Monday, November 17, 2008

Will Obama simply push a rewarmed version of the "New Deal?"

President-elect Obama did an excellent job of selling "change" to the American people during the last election. What wasn't always so clear was what that "change" would look like. He did talk about raising taxes on the wealthy, redistributing wealth as a good thing, giving lower income Americans a refundable tax credit, and moving towards universal health care.

In reality, he was only advocating further advances along the lines of the "New Deal" programs of FDR which means more government, more taxes and more regulation of various areas of human life.

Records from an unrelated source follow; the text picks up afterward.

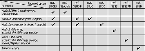 An optional frame memory HVS-38SSAM6/12 can be installed as an expansion function to enable storage and playback of movie files as uncompressed HD video.
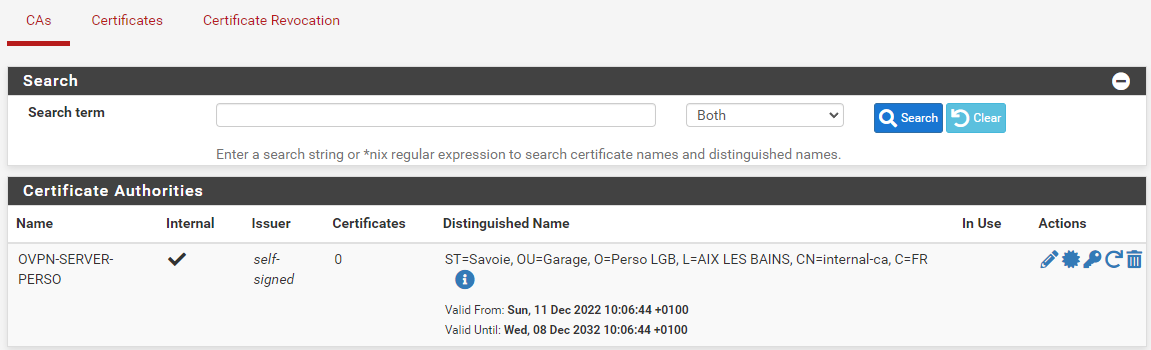 L'autorité de certification ainsi créée apparaît dans la liste des autorités de certification.
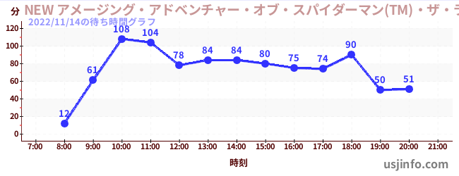 • NEW アメージング・アドベンチャー・オブ・スパイダーマン(TM)・ザ・ライド 4K3D$B$N(B2022年11月14日の待ち時間
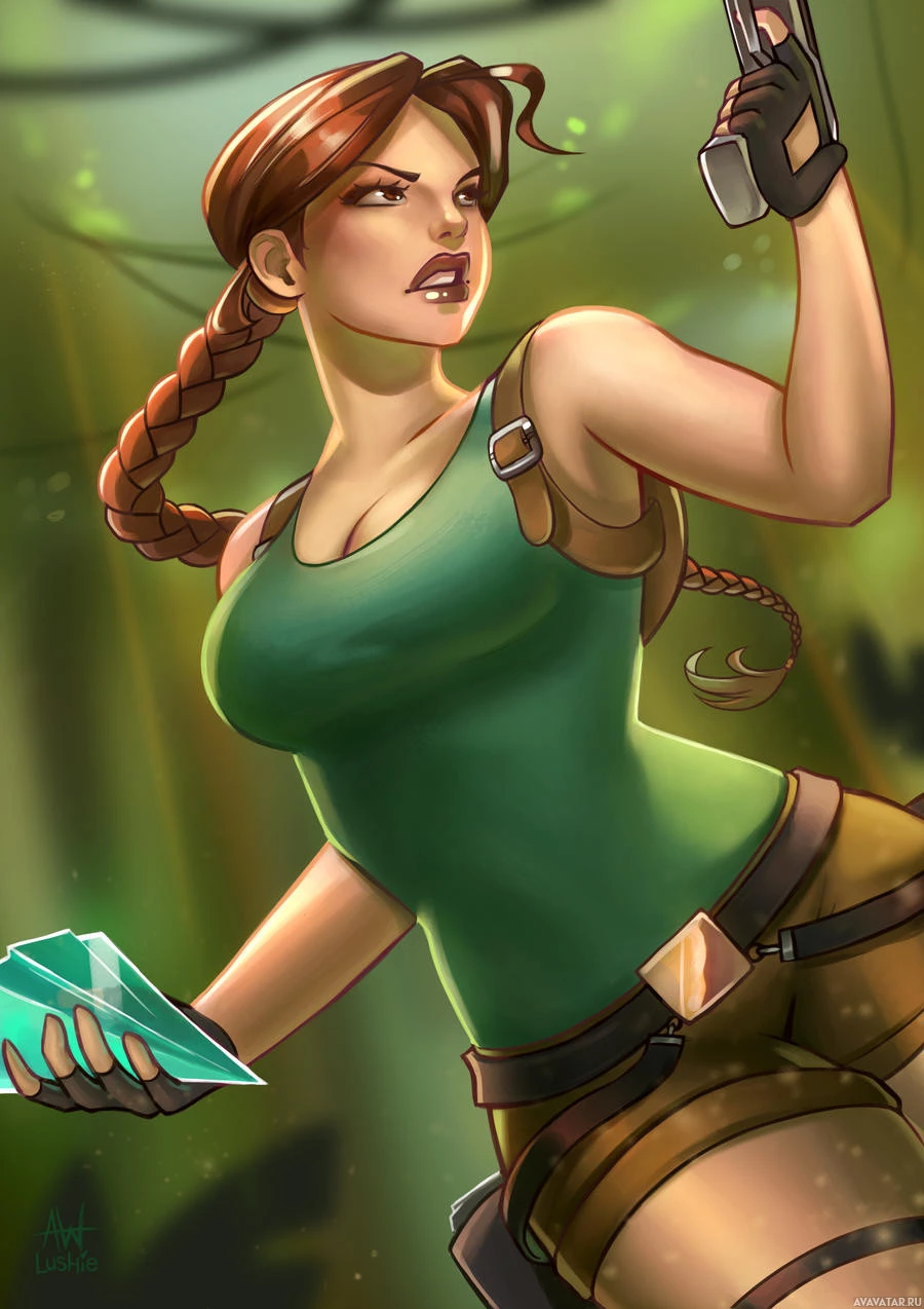 a female character who appears to be Lara Croft, the protagonist from the "Tomb Raider" video game series. She is shown in an adventurous pose, wearing her signature outfit which includes
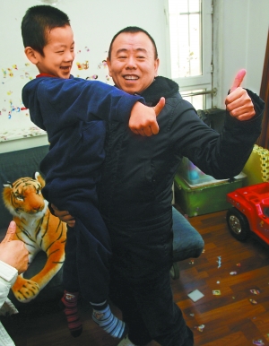 昨天上午,在本报记者和信报记者的陪同下,抱着一只玩具老虎的潘长江来到了位于南四环的韬宝家中。潘长江的到来让韬宝的父母格外欣喜感动,但以往只在电视里见过潘长江的小韬宝起初有些“认生”。不过,当他一眼看见潘长江手中的CD时,立刻兴奋得一跃而起,拿过CD就急着要播放。尤其当他听到《过河》的旋律时,更是兴奋地满地打滚,并模仿起潘长江在《过河》中的表演。
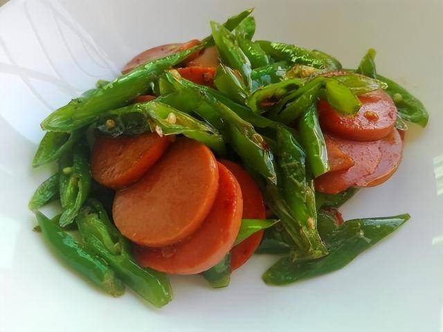 香肠与黄瓜和尖椒翻炒,加盐调味。
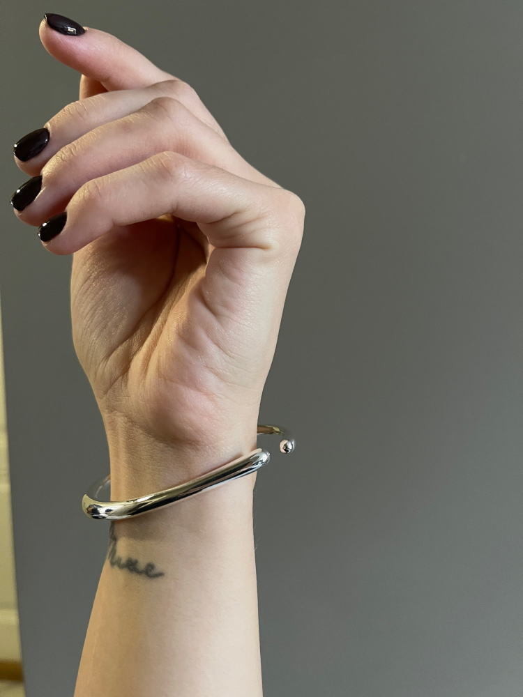 このシンプルでゴージャスなシルバーバングルが
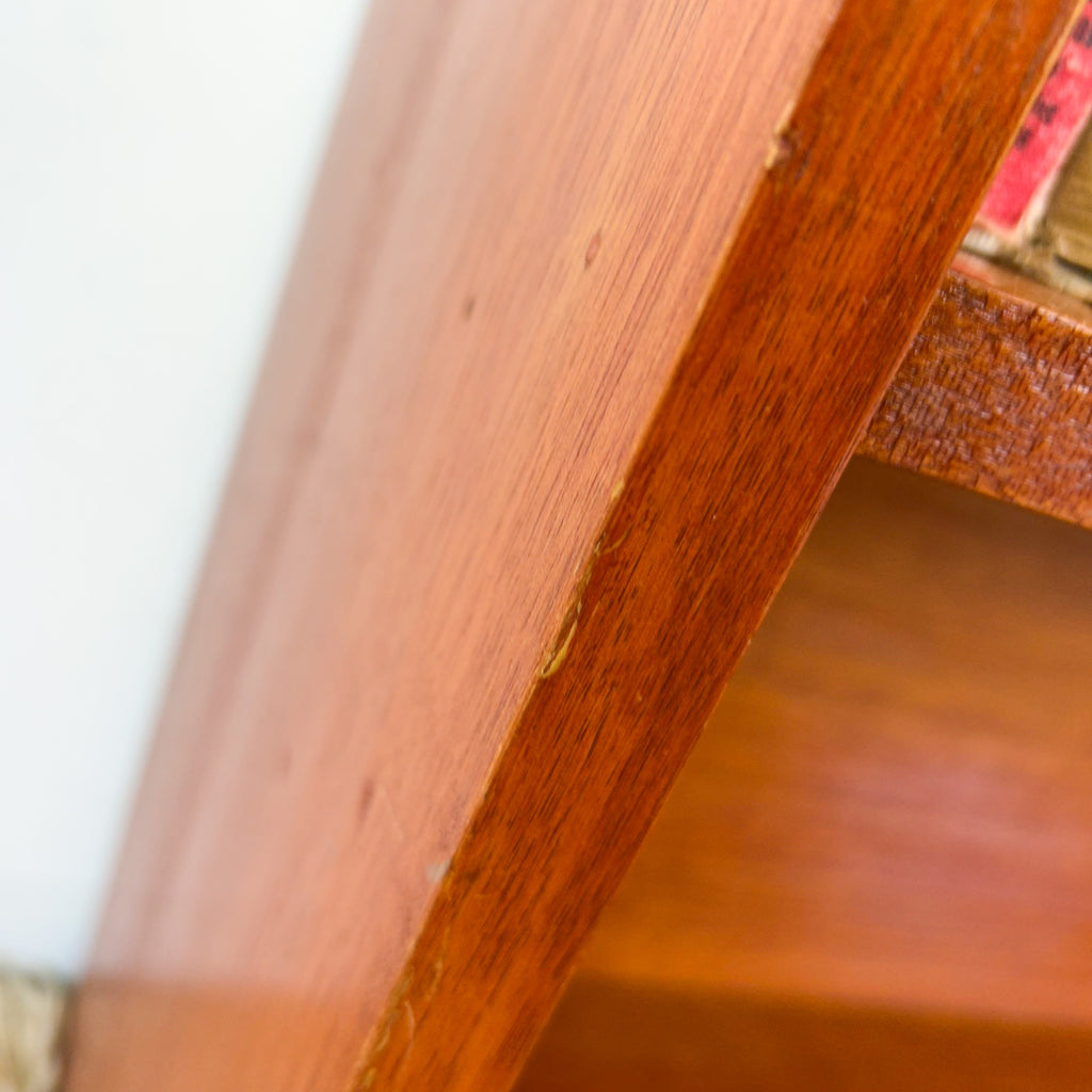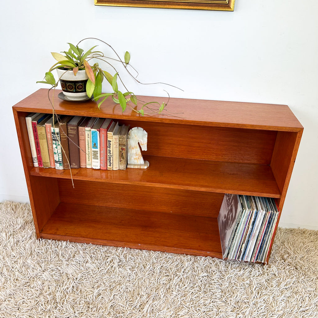 Vintage bookcase made from solid hardwood timber. It's a good size and will store loads of books or vinyl! (Only the bottom shelf is tall enough for 12" records)

Will the current financial crisis be used as a pretext for advancing this agenda just as FDR did the New Deal in the 1930s? Is this another case of history repeating itself? Amity Shlaes, author of a recent book on the Great Depression, suggests that's just might be what happens in this New York Post op/ed piece.

She writes:

THE trouble with new financial crises is that they provide pretexts for implementing old social agendas. As the president-elect's new chief of staff, Rahm Emanuel, said recently, "never allow a crisis to go to waste."

Consider President Franklin Roosevelt's New Deal, which President-elect Barack Obama invokes when he talks of "a defining moment." Like Obama today, FDR was inaugurated into trouble. He wisely addressed the financial crisis through the steps that we learned about in school. He signed deposit insurance into law, reassuring savers. He created the Securities and Exchange Commission, making the stock market more transparent and consistent. He soothed our grandparents via his radio Fireside Chats. This was the FDR we love.

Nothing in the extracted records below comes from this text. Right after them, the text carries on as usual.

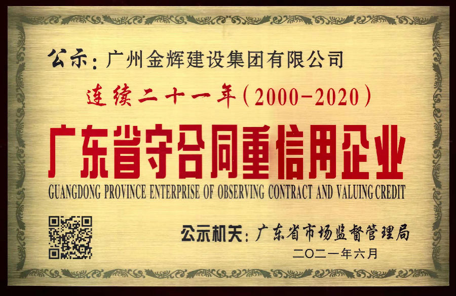廣州金輝建設集團自成立至今,堅持將信用建設融入到品牌和企業(yè)文化建設中,嚴格按照國家法律法規(guī)、行業(yè)規(guī)定的要求,執(zhí)行規(guī)范和強制性標準。通過對項目招投標、合同管理、項目預結算、質量管理、竣工交付等建立完善運行機制,實施科學的監(jiān)控管理,加強企業(yè)信用體系建設,將“守合同重信用”體現(xiàn)于每一項金輝工作中,自覺承擔起共同捍衛(wèi)和營造信用市場的責任。用實際行動踐行“共謀、共創(chuàng)、共贏、共享”經(jīng)營理念,進一步提升了“金輝建設”品牌和塑造了良好的企業(yè)形象。“廣東省守合同重信用企業(yè)”這份榮譽已經(jīng)陪伴金輝走過了奮斗前行的二十一載(2000年度至2020年度),是金輝人向社會和政府信用考核和監(jiān)管邁出的滿意腳步。但每一步都是艱辛的付出,都是金輝人努力艱難前行的堅定腳步。
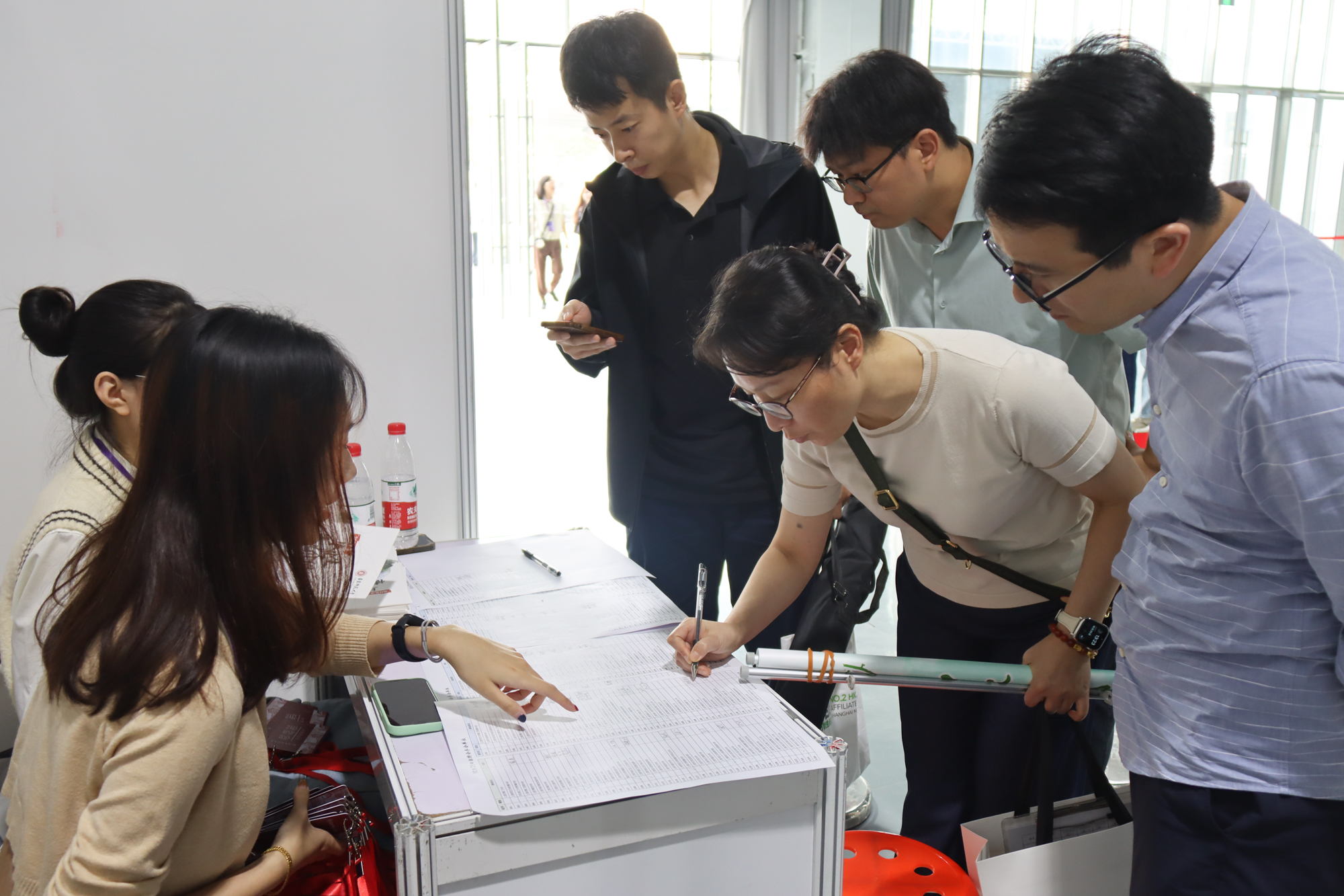 现场气氛热烈,同学们在等候期间交流面试经验,积极向用人单位了解岗位需求,有序排队投递简历。
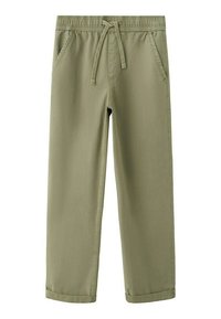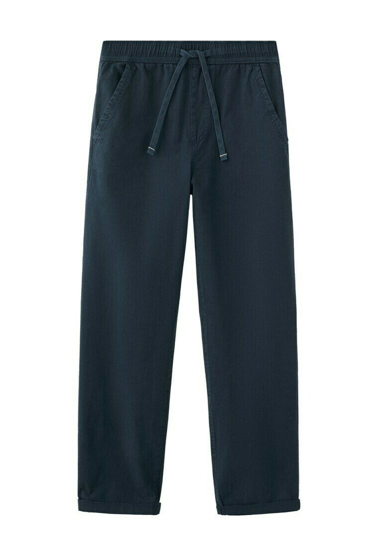 Tmavomodré ležérne nohavice s elastickým pásom, šnúrkou, bočnými vreckami a vyhrnutými lemami.
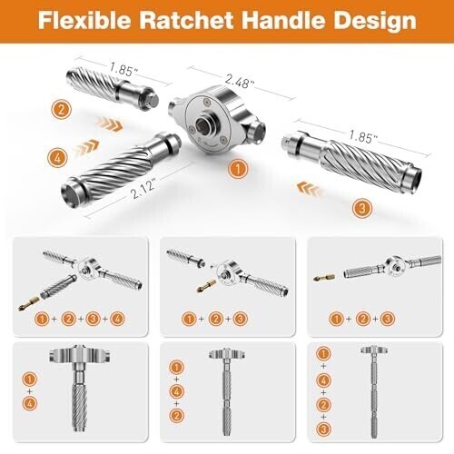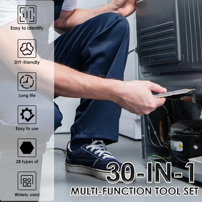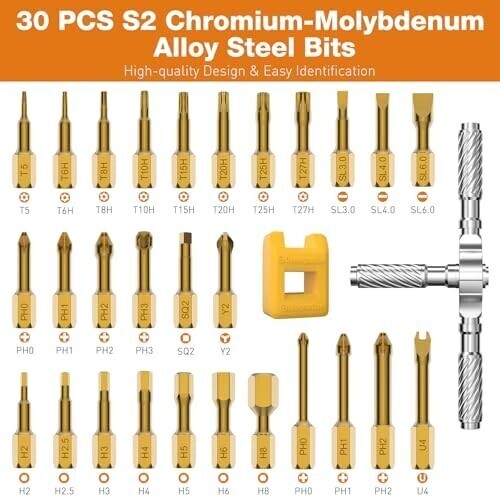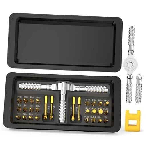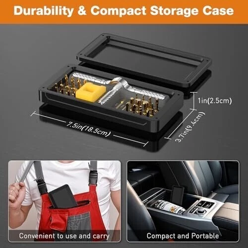 💯30-in-1 Magnetic Ratchet Screwdriver Set: This professional-grade ratchet screwdriver set comprises 28 high-precision steel bits, encompassing PH, SL, Torx, Hex, and U types.It also comes with a T-shaped handle and a yellow magnetic slot with magnetic properties. 🚀Durable & Portable: Housed in a reinforced ABS case with custom foam slots, this compact and travel-ready magnetic ratchet screwdriver set resists drops and corrosion. Each bit is clearly labeled for quick identification, allowing users to conveniently store the set in a backpack or glove compartment for emergency use. ⚡Ultra-Lightweight & Ergonomic Design: Screwdriver are constructed from durable S2 chrome molybdenum steel, the screwdriver offers exceptional strength and longevity. The T-shaped ratchet handle is crafted from lightweight aluminum alloy, weighing only half as much as a steel tool while maintaining twice the durability. Its ergonomic design and non-slip grip reduce wrist fatigue by up to 70%, making it suitable for extended use in applications such as computer repair, bicycle maintenance, or household appliance servicing. 🆙Advanced Ratcheting Mechanism: Equipped with a precision-engineered 58-tooth reversible ratchet mechanism and a 6.2° rotation angle, this multi-functional screwdriver set delivers 50N.m of torque for effortless tightening and loosening. The instant forward/reverse mode switching makes it an ideal choice for both professionals and DIY enthusiasts working in tight spaces. 🎁Ideal Gift for Tool Enthusiasts: From gadget repairs to automotive maintenance, this versatile ratchet screwdriver set serves as an excellent gift for engineers, hobbyists, or anyone passionate about tools. Its sleek black design combines functionality with aesthetics, making it a valuable addition to any toolbox. Product Description Previous page Next page 1 Magnetic Packaging 2 Prdoduct Size 3 6.2° Ratchet Design

But FDR also used the crisis mood to push through an unprecedented program of reforms that progressives had been hoping to put in place for years. Sen. George Norris of Nebraska, for example, had for decades argued that utilities should be in the public, not the private, sector. As far back as the early '20s, Norris wanted to build a big power project on Tennessee River. He wanted the government - and not the Ford Motor Company, which was drawing up such plans - to be in charge. FDR made Norris' progressive dream a reality by creating the publicly owned Tennessee Valley Authority. Washington won out, but it wasn't clear its power served the South down the decades.

Will Obama attempt to do the same thing?

The Obama administration isn't likely to advocate a new NRA. But President-elect Obama may go along with Democrats in Congress as they push other old social agendas. They, like the early-'30s Democrats, now have the ugly snapshot of capitalism for which they longed.

Foremost on their reform agenda, as in 1993, will be health insurance. Indeed, we are practically guaranteed a "healthcarization" of our financial crisis, even though health care and mortgage-backed securities have little to do with one another. "Nationalization" used to be a scare word. But the easy nationalization of the giant AIG makes the nationalization of private health care suddenly seem possible.

A Democratic Washington also will likely legislate the fondest wish of private-sector unions - the famous "card-check" legislation that will deprive workers of the chance to cast an anonymous vote on shop unionization. This, in turn, will put upward pressure on wages that workplaces can't afford.

The greater danger is that the public-sector unions, with support of Democrats, will push up their own pay aggressively. Behind the GM crisis is the crisis of state and city budgets - which the demands of AFSCME, the public-sector union, will only exacerbate.

President-elect Obama creates an opening for such demands when he says, as he did recently, that everything about the last four years was wrong. Everything? Sure, the financial crisis needs addressing. But government health care and card check don't have much to do with mortgage crises.

So remember what's really be going on: Voters want change - Obama's campaign message. But the Democratic Party is widening the definition of change by the hour. And the crisis? It's just a pretext.

If Obama does push New Deal approaches we can expect greater economic difficulties in the form of a much longer recession if not depression or maybe more likely, the return of inflation. The latter resulting from an unwillingess to confront our nation's unwillingness to live within our means.